Yazarlıkta hedef kitleniz önemlidir. Ben bu romanı hangi yaş aralığına, hangi kültür aralığına hitap edeceğim? Ben ilkokul çocukları için 135 hikâye yazdım. Onu hayat yayınları 10 kitap yaptı:

Can Kardeşler Serisi

Benim orada hedef kitlem ilkokul çocuklarıydı; 3,4,5.sınıftı. 2’ye fazla, 6’ya da hafif gelir. Bir şey yazdığınız zaman hedef kitlenizi iyi seçeceksiniz. Ondan sonra ortaokul çocukları için 50 tane hikâye yazdım. Senin de bir öykün var içinde. Orada da kitle onlar. Küçüklere ağır gelir, büyüklere hafif gelir. Yazarlık serüvenim böyle devam etti. 25 tane kitabım oldu. Rabbim sağlık verdi, yazdım.

Yazdığınız kitaplarda genel olarak okura bir mesaj vermeye çalışıyorsunuz. Kitapları yazmaktaki amacınız okurun bu şifreleri çözmesini sağlamak mı?
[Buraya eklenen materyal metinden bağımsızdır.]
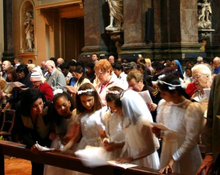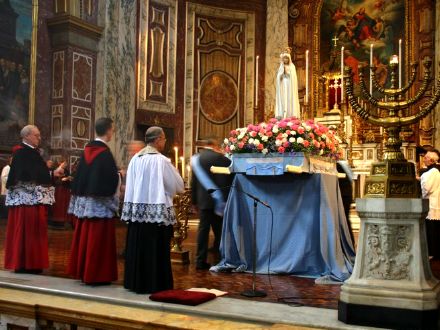 The statue of Our Lady is processed down the nave of the Oratory.

Aynen öyle. Okuyucunun kitapları okuyunca oradan bir kazanım elde etmesi gerekir. Şimdi piyasada çok kitap var. Çocuklar için, gençler için; direkt olarak ticarete yönelik. Bu bize yakışmaz. Bizim düşüncemizde roman olsun hikâye olsun deneme kitapları olsun, mesela Allah’ı Nasıl Buldum, Muhteşem Yolculuk’u okuyan insanlar oradan bir kazanım elde eder. Okumaları için ben çok sade bir dil kullandım. Eski dilden kelimelere fazla girmedim. Çünkü hedef kitlem lise, ortaokul mezunu ev hanımları, mahalledeki Ayşe Abla, lisedeki kızlar, üniversitedeki öğrencilerdi.

Birçok kitap yazdınız. Bazıları okullarda okutuldu. Bu başarınızın geçmiş yıllarda yaptığınız öğretmenlik mesleğiyle bir bağlantısı var mı?
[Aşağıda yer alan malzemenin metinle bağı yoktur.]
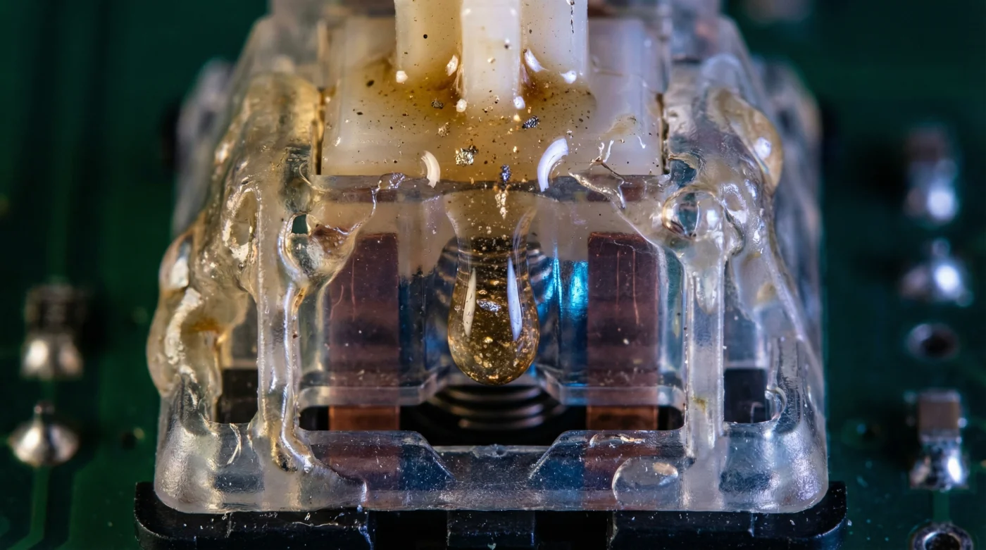 Pero apenas unas horas después, la tecla empieza a sentirse pastosa, lenta y pesada, como si estuvieras tecleando sobre lodo espeso. Lo que acabas de hacer no fue lubricar para mejorar el rendimiento; acabas de iniciar una reacción química silenciosa que está derritiendo el esqueleto de tu periférico.

Tabii ki. Bağlantısı olmazsa olmaz zaten. Ben piyasada görüyorum; inşaat mühendisi biri çocuk kitabı yazmış. Olmaz. Rakamlarla doldurmuş kitabı. Ben 10-15 yıl ilkokul öğretmenliği yaptım. Yurtiçinde ve yurtdışında bizzat sınıflarda derslere girdim. İlkokul 3.sınıf çocuğunun hangi cümleyi anlayıp anlamayacağını biliyorum. Ona göre yazıyorum. Bir paragraf yazdığımda onu ortaokul öğrencisi alabilir mi veya bir ev hanımı bunu okuyunca anlayabilir mi? Hatta çok telefonlar aldım okullara imzalara gittim. Bu da çok güzel bir şey. Orada anneler, siz Can Kardeşler’i çocuklar için değil bizim için yazmışsınız dediler. Bu durum, yazarlık mesleğinin heyecanıdır.

İlk yazdığınız kitap ile 10 yıl sonra yazdığınız kitap arasında mutlaka fikir farkları, dil farkları olmuştur. Siz yaş aldıkça üslubunuzun değiştiğinizi düşünüyor musunuz?

Hayvanlar dünyaya geldiğinde tekemmül etmiş olarak gelirler. Yani hayatına ait bütün bilgileri, öğretileri almış olarak gelirler. Örneğin ördek yavrusu doğduğunda annesiyle suya koşar, kedi yavrusu annesinden süt emer. İnsanların görevi taallüm ve tekemmüldür. Gelişimin yaşı yoktur.

İlk kitabıma şimdi bakıyorum, ben ona çok şeyler daha eklerdim. Birtakım anlatım eksikleri var; bu normal bir şey. Ama gün geçtikçe yavaş yavaş tekemmül ediyorsun. Tekemmül kelimesi mükemmellikten gelir. Yavaş yavaş gelişiyor insan. Edebiyat bölümüne başlayan 1.sınıf öğrencisi Elif Tümer ile şimdi son sınıf öğrencisi olan Elif Tümer aynı mı? Değil.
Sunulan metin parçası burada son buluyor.